Wie der niederländische Ministerpräsident Rutte ein Deutscher wurde

Mark Rutte trägt seine Opposition gegen die Merkel-Macron-Schulz-EU nach Berlin. Einen Verbündeten hat er in Wien.

© Remko de Waal/AFP/Getty Images

Ministerpräsident Mark Rutte (VVD) wird seine Ideen zur Europäischen Union (EU) in einer Rede in Berlin am Freitag, dem 2. März vorstellen. Der Ort ist nicht zufällig. Die EU ist zu einem großen deutschen Imperium geworden, wie der britische Ex-Botschafter in Berlin Paul Lever in seinem Buch Berlin Rules schreibt. Rutte sollte daher in Deutschland besonders dann kampieren, wenn er deutsche EU-Wildpläne sabotieren will.

Wie Bundeskanzlerin Angela Merkel die EU sieht, erklärt sie in Reden in Berlin. Der französische Präsident Emmanuel Macron macht das in Paris. Und der niederländische Premierminister Mark Rutte? Das tut er nun auch in Berlin, bei der Bertelsmann Stiftung.

Das Niederländische Parlament ist besorgt, dass Rutte es nicht konsultiert hat. Die Sorgen sind verständlich. Das Repräsentantenhaus ist in einer parlamentarischen Demokratie der geeignete Ort, um der Regierung den Rahmen zu geben. Es gibt nur ein Problem: Das Repräsentantenhaus spielt in der Europäischen Union keine Rolle. Die deutsche Öffentlichkeit und das Establishment umso mehr.

Machtloses Repräsentantenhaus

Dies wurde während der Diskussion im Jahr 2015 zwischen Finanzminister Wolfgang Schäuble (CDU) und Bundeskanzlerin Angela Merkel (CDU) über Griechenland deutlich. Schäuble wollte Griechenland ohne Euro. Merkel entschied anders und Griechenland wurde ein drittes Mal gerettet. Der italienisch-britische Professor Guglielmo Verdirame von der London School of Economics sagte in Elsevier Weekblad: „Ein deutscher Bundeskanzler und ein deutscher Minister diskutieren und entscheiden über die Zukunft eines anderen Landes.“

Das ist die Realität. Berlin entscheidet. Nicht nur für Griechenland. Rutte hatte nicht den Mut, seine Versprechen zu halten, schluckte ein drittes Hilfspaket, das rituell wütende Parlament folgte ihm knurrend. Als ob das Heilige Römische Reich zurück wäre. Mark Rutte zeigte sich als lokaler Feudalherr eines deutschen EU-Imperiums.

Berlin Rules

In Berlin Rules (2017) skizziert der britische Ex-Botschafter Paul Lever, wie dieses neue deutsche Reich unter dem Namen EU entstand und was das bedeutet. Er hat genau gesehen in seiner Zeit in Berlin und Brüssel, wie die Deutschen nach der Wiedervereinigung von 1990 allmählich in der EU an Macht gewannen. Wie sieht Deutschland die EU? Lever schreibt: „Klar ist, dass die deutsche Führung in der EU grundsätzlich auf der Verteidigung nationaler deutscher Interessen beruht. Deutschland nutzt seine Macht, um die deutsche Wirtschaft zu schützen und sicherzustellen, dass sie in der Welt eine einflussreiche Rolle spielen kann. Darüber hinaus gibt es keine Vision oder Ziel.

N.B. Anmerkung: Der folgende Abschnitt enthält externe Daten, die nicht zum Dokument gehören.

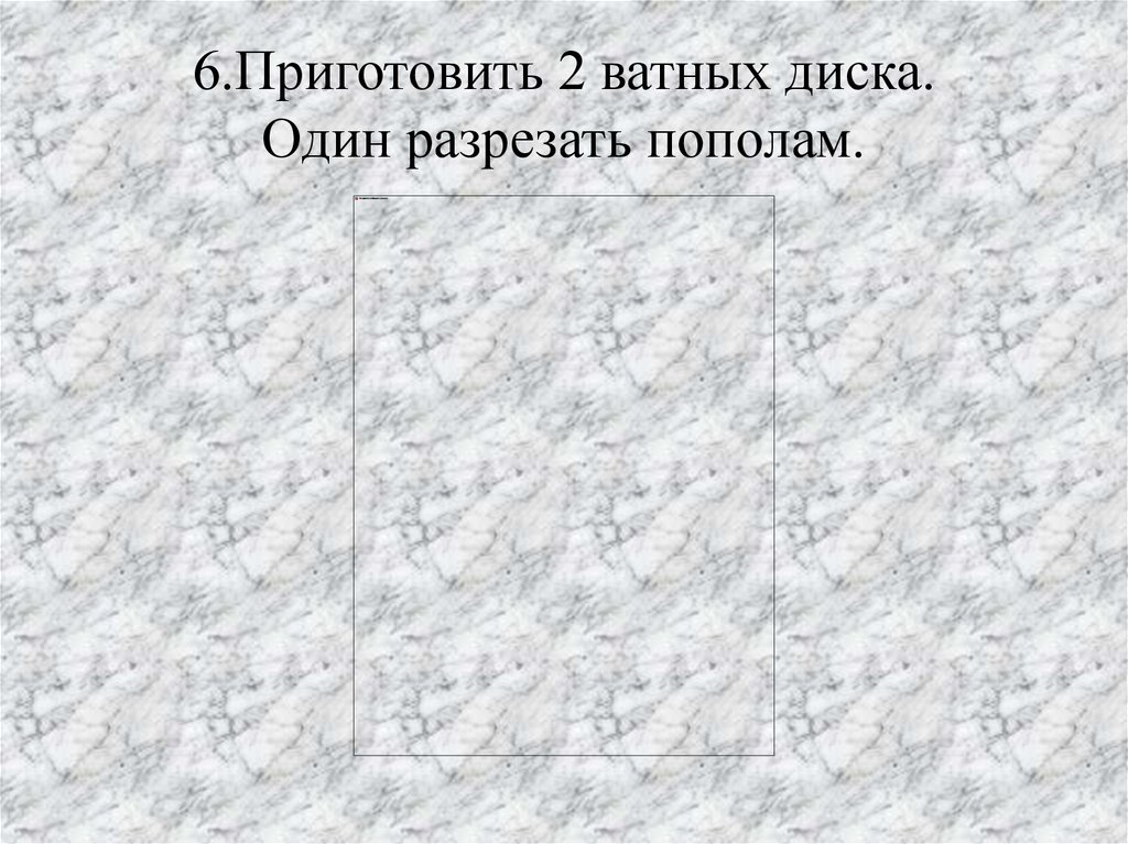 6.Приготовить 2 ватных диска.Один разрезать пополам.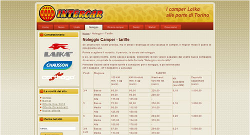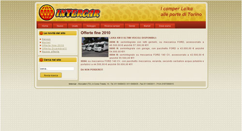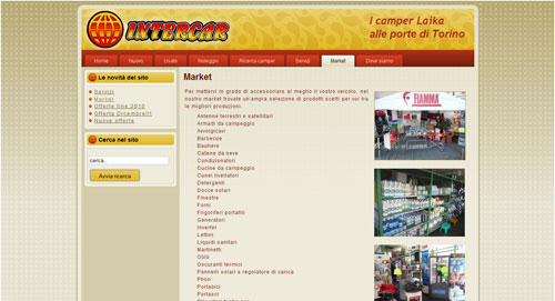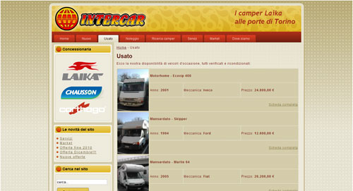 Articolato in sezioni, il sito permette al visitatore di cercare il proprio veicolo ricreazionale tra i marchi rappresentati (Laika, Chausson e Carthago) avendo anche la possibilità di sapere quali modelli dei rispettivi marchi sono presenti in concessionaria e, di conseguenza, visionabili e immediatamente disponibili. Sempre per quanto riguarda i veicoli ricreazionali nuovi, non manca una sezione dedicata alle offerte sui veicoli fine serie, mentre la pagina dei veicoli ricreazionali usati presenta le occasioni disponibili arricchendo la descrizione con una ricca fotogallery.

Laut Lever werden die Deutschen niemals mehr Geldtransfers von Reich zu Arm zulassen und Deutschland wird niemals die Kontrolle über seine Finanzen abgeben, wie es Frankreich will. „Die deutsche EU ist ein kalter Ort, vor allem für ärmere Länder, aber sie können nirgendwo anders hin.“ Die Franzosen werden auch in Levers Augen enttäuscht sein, aber auch sie können nirgendwohin anders hin.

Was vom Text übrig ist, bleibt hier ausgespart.